### MATERIAL FOR THE TASK
▼
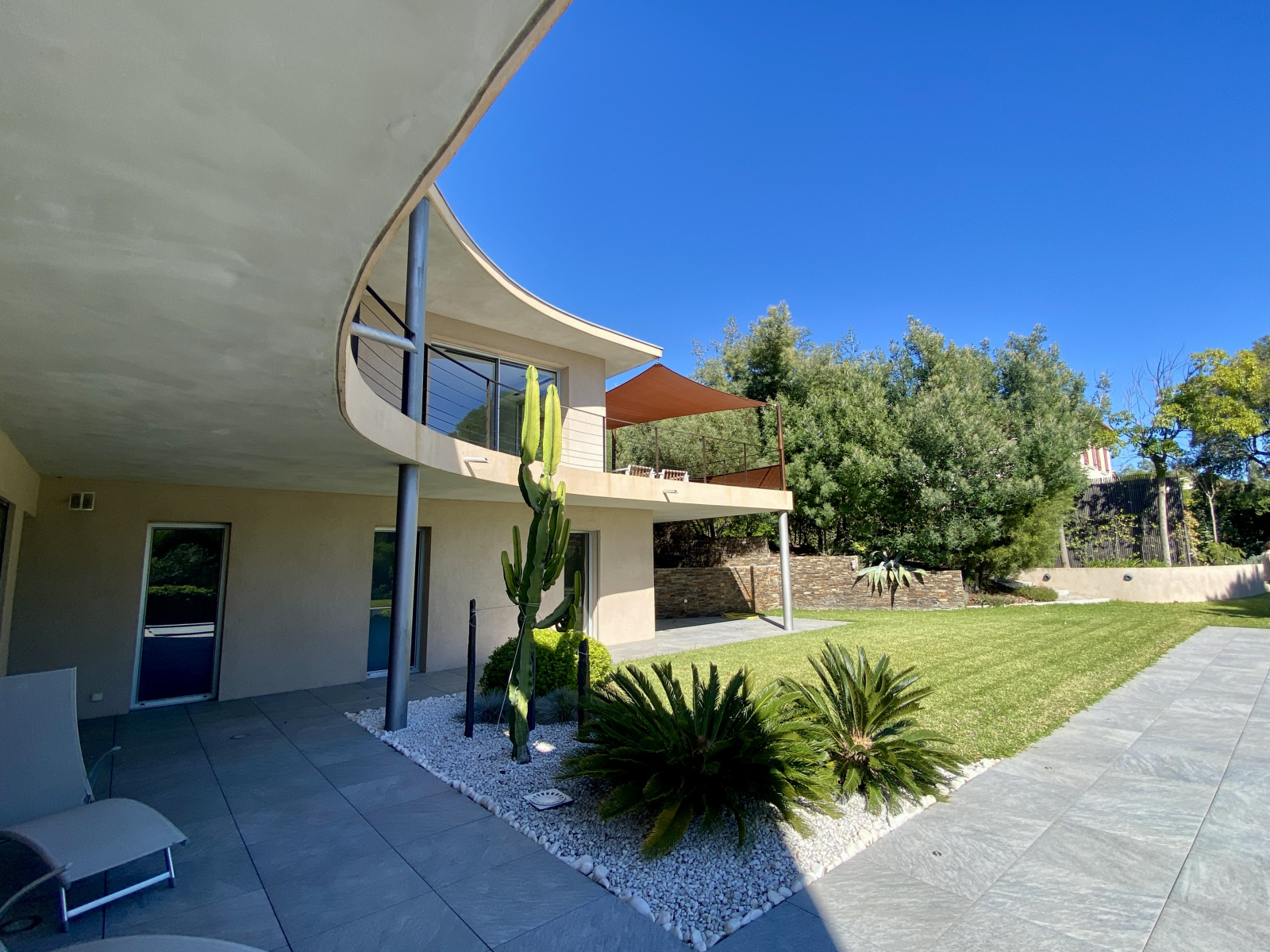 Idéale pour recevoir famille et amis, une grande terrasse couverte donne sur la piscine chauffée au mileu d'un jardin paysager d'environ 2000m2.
▲
▼
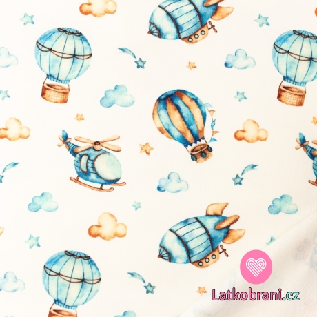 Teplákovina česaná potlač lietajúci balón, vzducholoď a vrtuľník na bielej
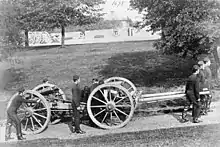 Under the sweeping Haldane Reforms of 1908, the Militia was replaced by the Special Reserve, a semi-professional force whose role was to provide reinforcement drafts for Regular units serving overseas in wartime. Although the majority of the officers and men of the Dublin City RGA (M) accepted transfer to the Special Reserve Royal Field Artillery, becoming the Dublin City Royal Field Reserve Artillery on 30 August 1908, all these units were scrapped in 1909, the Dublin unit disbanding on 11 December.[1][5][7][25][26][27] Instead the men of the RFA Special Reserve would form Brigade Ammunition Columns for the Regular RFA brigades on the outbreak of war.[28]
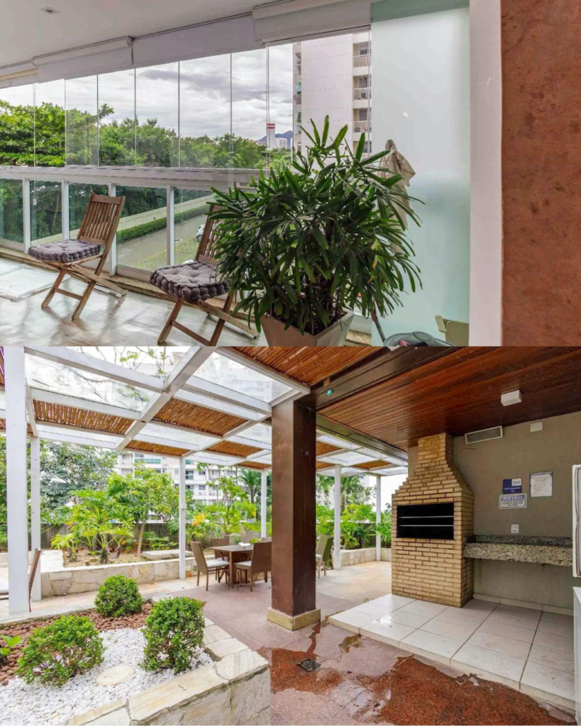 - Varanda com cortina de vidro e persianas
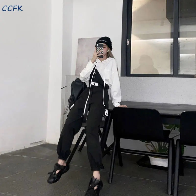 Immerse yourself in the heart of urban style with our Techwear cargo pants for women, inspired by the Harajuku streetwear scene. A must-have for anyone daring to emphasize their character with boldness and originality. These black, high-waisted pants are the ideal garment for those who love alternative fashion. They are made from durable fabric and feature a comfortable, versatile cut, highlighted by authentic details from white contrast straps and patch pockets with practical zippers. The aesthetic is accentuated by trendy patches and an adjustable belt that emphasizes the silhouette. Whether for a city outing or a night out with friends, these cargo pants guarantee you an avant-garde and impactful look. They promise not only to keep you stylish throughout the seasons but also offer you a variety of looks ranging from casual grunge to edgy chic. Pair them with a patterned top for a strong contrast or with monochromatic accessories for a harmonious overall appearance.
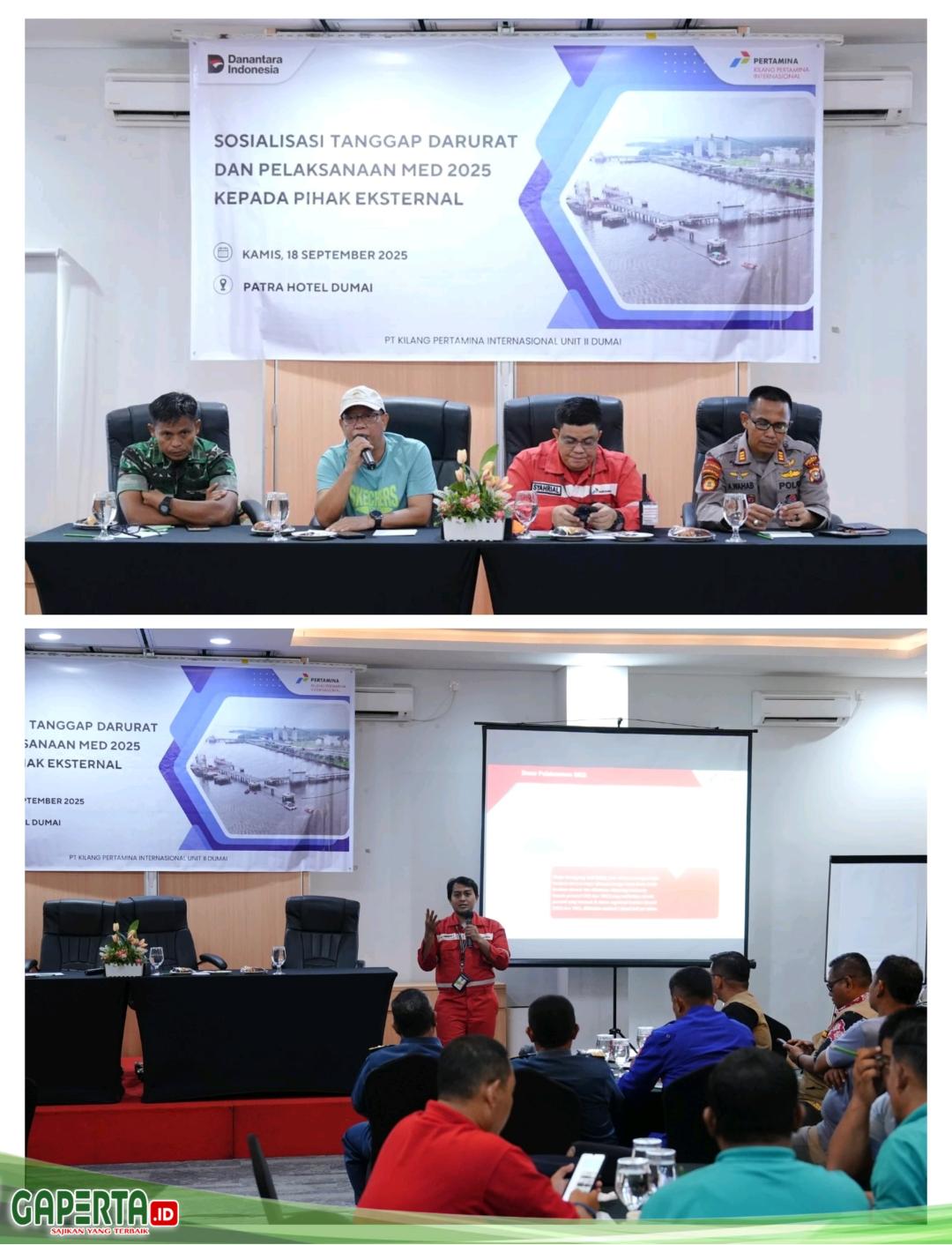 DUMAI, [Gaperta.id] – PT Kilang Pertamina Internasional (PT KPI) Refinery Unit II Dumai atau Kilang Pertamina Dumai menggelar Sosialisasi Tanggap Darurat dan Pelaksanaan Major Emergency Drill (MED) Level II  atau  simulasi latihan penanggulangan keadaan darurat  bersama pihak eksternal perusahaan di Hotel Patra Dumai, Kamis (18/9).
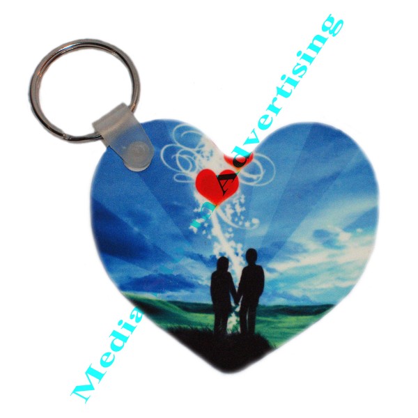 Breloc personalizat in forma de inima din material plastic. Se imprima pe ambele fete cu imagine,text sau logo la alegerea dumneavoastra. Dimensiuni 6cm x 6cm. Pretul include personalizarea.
▲
▼
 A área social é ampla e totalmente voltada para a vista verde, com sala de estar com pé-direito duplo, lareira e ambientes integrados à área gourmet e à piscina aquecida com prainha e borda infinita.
▲
### WHAT YOU ARE ASKED TO DO
Nothing but the lines above from the line with "Teplákovina česaná potlač" up to and including the line with "- Varanda com cortina de vidro e persianas" should be returned, exactly as written and without pictures.

### YOUR RESPONSE
 Teplákovina česaná potlač lietajúci balón, vzducholoď a vrtuľník na bielej
 Under the sweeping Haldane Reforms of 1908, the Militia was replaced by the Special Reserve, a semi-professional force whose role was to provide reinforcement drafts for Regular units serving overseas in wartime. Although the majority of the officers and men of the Dublin City RGA (M) accepted transfer to the Special Reserve Royal Field Artillery, becoming the Dublin City Royal Field Reserve Artillery on 30 August 1908, all these units were scrapped in 1909, the Dublin unit disbanding on 11 December.[1][5][7][25][26][27] Instead the men of the RFA Special Reserve would form Brigade Ammunition Columns for the Regular RFA brigades on the outbreak of war.[28]
 - Varanda com cortina de vidro e persianas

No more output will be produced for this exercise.